[[ Data for this task, beginning ]]
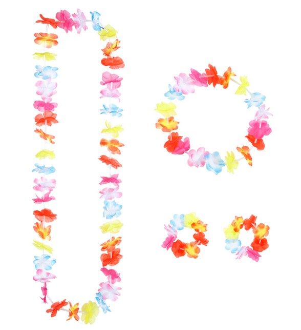 Havajská sada květinových věnců obsahuje věnec na krk, 2 věnečky na ruce a čelenku. Sada stvořrná pro havajskou a letní párty.
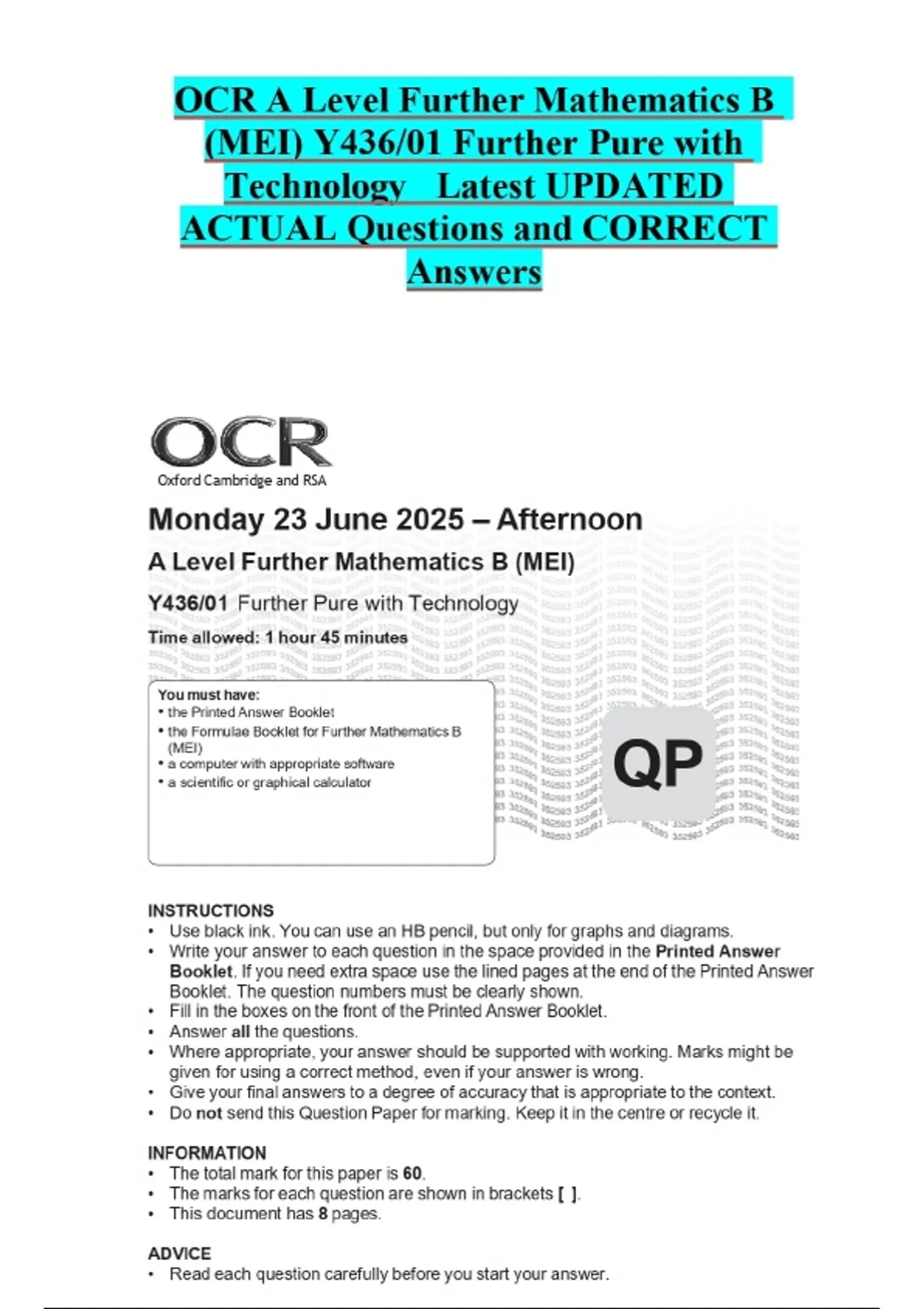 OCR A Level Further Mathematics B (MEI) Y436/01 Further Pure with Technology Latest UPDATED ACTUAL Questions and CORRECT Answers
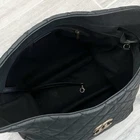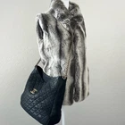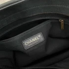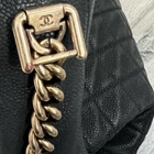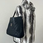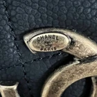 This is a rare find! 100% authentic. 14” L x 12” H x 4 1/4” D. Black diamond stitched caviar leather with aged brass hardware. Detachable leather shoulder strap. Aged brass chain link strap (this strap is not detachable or adjustable). Exterior has a Chanel CC logo at front. Zipper closure. Interior is black fabric with a zipper pocket and 2 patch pockets. Versatile. Wear as a shoulder or crossbody bag. Pre loved, barely used. Pristine condition. Faint tarnishing on side metal clasp. Comes with Chanel box, dust bag, care booklet and authenticity card.
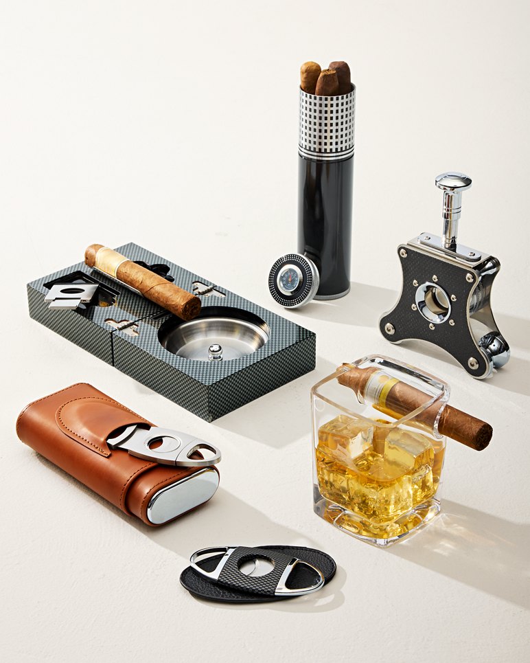 Precisely cut your cigars with this sleekly designed cigar tool that you can effortlessly carry on the go in its elegant leather case.
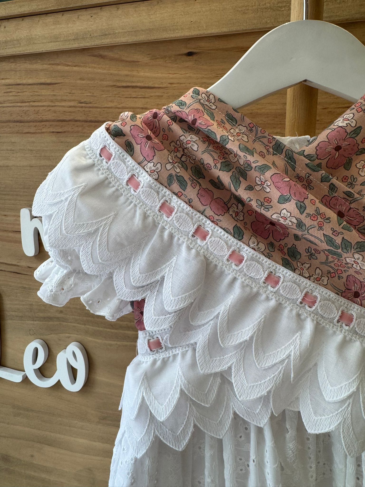🎀 Detalle de tira bordada y cinta rosa
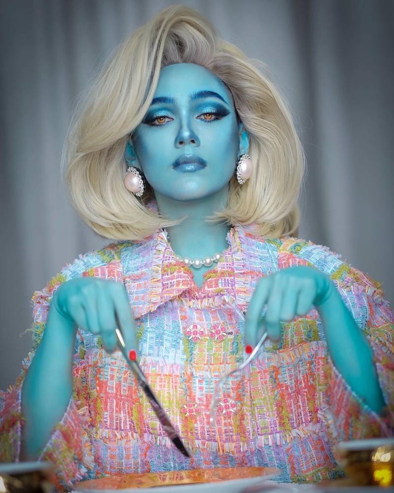 ក្នុងនោះផងដែរ នាឱកាសបុណ្យ Halloween កាលពីថ្ងៃទី ៣១ ខែ តុលា កន្លងទៅនេះ Chompoo មិនបានធ្វើឲ្យហ្វេនគ្រប់គ្នាអស់សង្ឃឹមនោះទេ ពោលគឺនាងបានតុបតែងខ្លួន ជាមួយនឹងផ្ទៃមុខ និងស្បែកខ្លួនពណ៌ខៀវ ពាក់សក់ពណ៌ទង់ដែងនិងសម្លៀកបំពាក់ដែលមានពណ៌ចម្រុះ មើលឡើងប្លែកសឹងតែមិនស្គាល់។
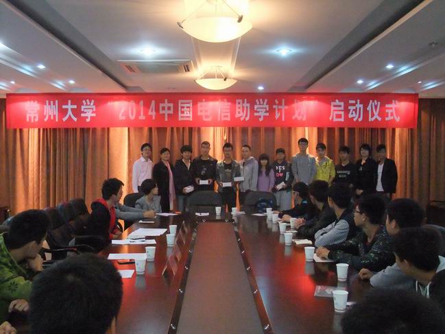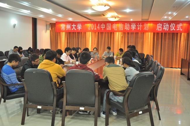 近日,常州大学“2014中国电信助学计划启动仪式” 暨“人生新旅途 工会伴我行”困难学生座谈会在我校文彬楼第七会议室举行。中国电信常州分公司代表、校工会副主席徐萍、学生处副处长焦洁庆及28位受助学生代表参加了仪式和座谈会。
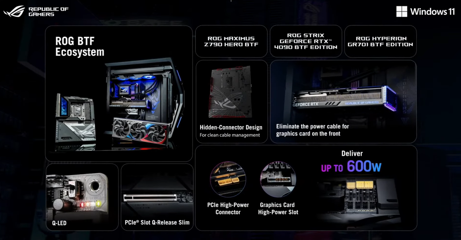 한국시간으로 오늘 1월 9일부터 미국 라스베가스에서 열리는 세계 최대 IT 박람회 CES에서 ASUS는 데스크탑 PC 제품부터 노트북, 스마트폰까지 대거 신제품을 공개했다. 특히, PC 제품군에서는 작년 컴퓨텍스에서 처음 선보였던 BTF(Back-To-The-Future) 제품군을 TUF Gaming 라인업에 이어 이번에 ROG 라인업으로도 공개를 했는데, 기존의 ROG 하이페리온 GR701 PC케이스부터 막시무스 Z790 히어로 메인보드, 스트릭스 지포스 RTX4090 그래픽카드를 모두 BTF 버전으로 새롭게 공개했다. 특히, 메인보드는 BTF 콘셉트에 맞춰 케이블 커넥터를 모두 메인보드 후면에 배치했으며, 그래픽카드 슬롯부분에만 바로 옆에 보조전원 슬롯을 배치해, BTF 그래픽카드의 전력공급이 되도록 했는데, 600W이상 지원한다.
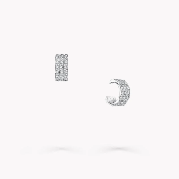 18K 하이엔드 미러급 그라프 로렌스 시그니처 트리플 파베 후프 이어링 RGE1582
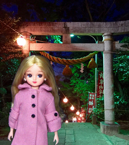 大晦日2016 スーパーウェディングリカちゃん@リーメント 着てみたいドーリーファッション ピンクコート 八幡神社の鳥居 初詣
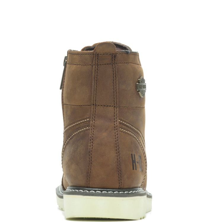 - Brand elements display the embossed Harley-Davidson® signature at the top of the tongue, the debossed H-D® abbreviated script on the outside heel and the metal Bar & Shield® on the outside ankle for a collective message conveying your pursuit of freedom on the open road
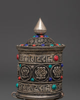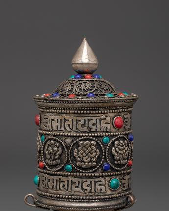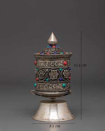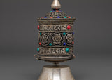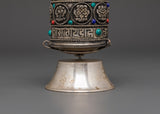 Handmade Tibetan Prayer Wheel | Coral and Turquoise Inlaid
[[ Data for this task, end ]]
**Problem to solve**
Every line above from the one with "Precisely cut your" down to the one with "大晦日2016 スーパーウェディングリカちゃん@リーメント 着てみたいドーリーファッション" must be written out exactly, and no picture may appear.

**Final answer**
 Precisely cut your cigars with this sleekly designed cigar tool that you can effortlessly carry on the go in its elegant leather case.
🎀 Detalle de tira bordada y cinta rosa
 ក្នុងនោះផងដែរ នាឱកាសបុណ្យ Halloween កាលពីថ្ងៃទី ៣១ ខែ តុលា កន្លងទៅនេះ Chompoo មិនបានធ្វើឲ្យហ្វេនគ្រប់គ្នាអស់សង្ឃឹមនោះទេ ពោលគឺនាងបានតុបតែងខ្លួន ជាមួយនឹងផ្ទៃមុខ និងស្បែកខ្លួនពណ៌ខៀវ ពាក់សក់ពណ៌ទង់ដែងនិងសម្លៀកបំពាក់ដែលមានពណ៌ចម្រុះ មើលឡើងប្លែកសឹងតែមិនស្គាល់។
 近日,常州大学“2014中国电信助学计划启动仪式” 暨“人生新旅途 工会伴我行”困难学生座谈会在我校文彬楼第七会议室举行。中国电信常州分公司代表、校工会副主席徐萍、学生处副处长焦洁庆及28位受助学生代表参加了仪式和座谈会。
 한국시간으로 오늘 1월 9일부터 미국 라스베가스에서 열리는 세계 최대 IT 박람회 CES에서 ASUS는 데스크탑 PC 제품부터 노트북, 스마트폰까지 대거 신제품을 공개했다. 특히, PC 제품군에서는 작년 컴퓨텍스에서 처음 선보였던 BTF(Back-To-The-Future) 제품군을 TUF Gaming 라인업에 이어 이번에 ROG 라인업으로도 공개를 했는데, 기존의 ROG 하이페리온 GR701 PC케이스부터 막시무스 Z790 히어로 메인보드, 스트릭스 지포스 RTX4090 그래픽카드를 모두 BTF 버전으로 새롭게 공개했다. 특히, 메인보드는 BTF 콘셉트에 맞춰 케이블 커넥터를 모두 메인보드 후면에 배치했으며, 그래픽카드 슬롯부분에만 바로 옆에 보조전원 슬롯을 배치해, BTF 그래픽카드의 전력공급이 되도록 했는데, 600W이상 지원한다.
 18K 하이엔드 미러급 그라프 로렌스 시그니처 트리플 파베 후프 이어링 RGE1582
 大晦日2016 スーパーウェディングリカちゃん@リーメント 着てみたいドーリーファッション ピンクコート 八幡神社の鳥居 初詣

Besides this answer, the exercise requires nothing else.